In this section, the feasibility of using photogrammetry in highway condition assessment is evaluated in two case studies: (1) Highway Bridge and Traffic Sign Asset Assessment; and (2) Pavement Distress Condition Assessment. The following subsections present the two case studies in detail from the data-collection methods to the result evaluation of the generated 3D models.

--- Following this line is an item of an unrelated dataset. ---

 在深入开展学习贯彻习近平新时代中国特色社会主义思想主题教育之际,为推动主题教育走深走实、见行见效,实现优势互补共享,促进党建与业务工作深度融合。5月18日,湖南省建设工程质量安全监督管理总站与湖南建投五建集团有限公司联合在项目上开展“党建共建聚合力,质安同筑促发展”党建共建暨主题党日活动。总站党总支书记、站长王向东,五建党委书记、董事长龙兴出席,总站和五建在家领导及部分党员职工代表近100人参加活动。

Highway Bridge and Traffic Sign Asset Assessment

The highway bridge selected for this case study is located at an intersection between two highways in the State of Utah (i80 and 215 highways), and the data is collected on a sunny day. A GoPro Hero 8 mounted on the hood of a vehicle (Figure 1) captured video frames. The video resolution during mobile photogrammetry data collection was 2.7k at 120 frames per second. The camera can be mounted on the hood or roof of the vehicle; however, the roof-mounted camera tends to include the vehicle’s hood in the view of the camera, which causes image alignment problems. As shown in Figure 1 below, a hood-mounted camera is selected to avoid having the vehicle obstruct the camera’s view. The other important factors during image-based data collection were traveling speed, lighting conditions, and camera orientation. In this experiment, the traveling speed is kept under 50 mph during the data collection. It is vital to have good sign illumination; however, too much sunlight causes high sign reflections, leading to reconstruction errors. Therefore, consideration must be given to driving direction and time of day while collecting the data.

Figure 1.

(a) Mandli Communications mobile LiDAR set-up, (b) mobile photogrammetry set-up, and (c) camera field of view of the hood-mounted camera.

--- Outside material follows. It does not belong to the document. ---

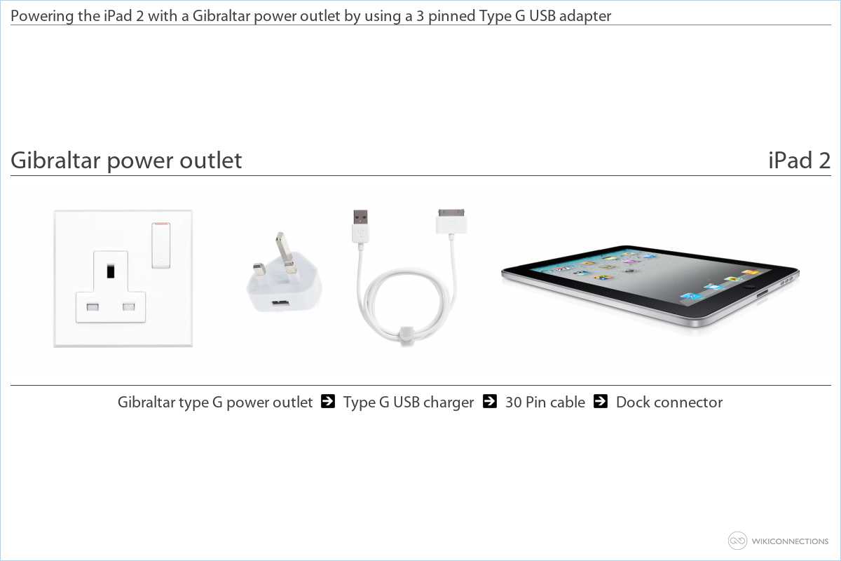 - If you want to supply power to the iPad 2 from the Gibraltar power outlet you'll need a Type G USB power plug adapter [4] and a USB to Apple 30 pin cable [5] (the cable is typically included with the iPad 2 by Apple).

Spatial Data Reconstruction

For image-based 3D reconstruction, ContextCapture is selected because of its accurate image alignment and clean point cloud models compared with the other commercially available software packages. The laser scanner’s point cloud models used in this study are provided to us by the Utah DOT asset management team. Utah DOT currently has a contract with Mandli Communications for Mandli to use their mobile LiDAR technology to gather data on highways and state routes in the State of Utah ( 3 ). Figure 1 shows the two different data-collection set-ups. Alongside the bridge model, ten traffic signs are extracted from the generated highway models for comparison of the two technologies. In this case study, we evaluate LiDAR and photogrammetry by measuring reconstructed bridge asset size accuracy (i.e., bridge structural elements and its traffic signs [Figure 1c]), reconstructed traffic signs densities, and overall point cloud model densities.

Spatial Data Evaluation

The authors set the Manual on Uniform Traffic Control Devices and Utah State Highway Sign Supplement ( 32 ) as the reference for traffic sign size measurements. Using these resources, we determined the actual height-over-width ratio of ten extracted highway traffic signs. Then, we compared it to the height-over-width ratio of generated traffic signs in each model since their actual sizes are scaled to a random scale number in the point cloud models generated with the photogrammetry methods. This comparison indicates the shape reconstruction accuracy of the highway assets mentioned. Since there was no available as-built drawing for the selected highway bridge to extract the actual measurements, a terrestrial LiDAR survey is conducted to measure the bridge of interest. A Leica C10 with a capability of up to 1,000 ft range is used in a four-point survey from each corner of the target bridge close to the abutment wing walls. We used the terrestrial LiDAR point cloud model as the ground truth model because of the scanner’s high accuracy (in the order of 2 mm precision). Figure 2 demonstrates the reconstructed 3D models of the highway bridge and its deck-mounted traffic sign.

Figure 2.

Map of reconstructed highway sections (showing the bridge model and a traffic sign model). Images are from both LiDAR-based highway models and image-based highway models.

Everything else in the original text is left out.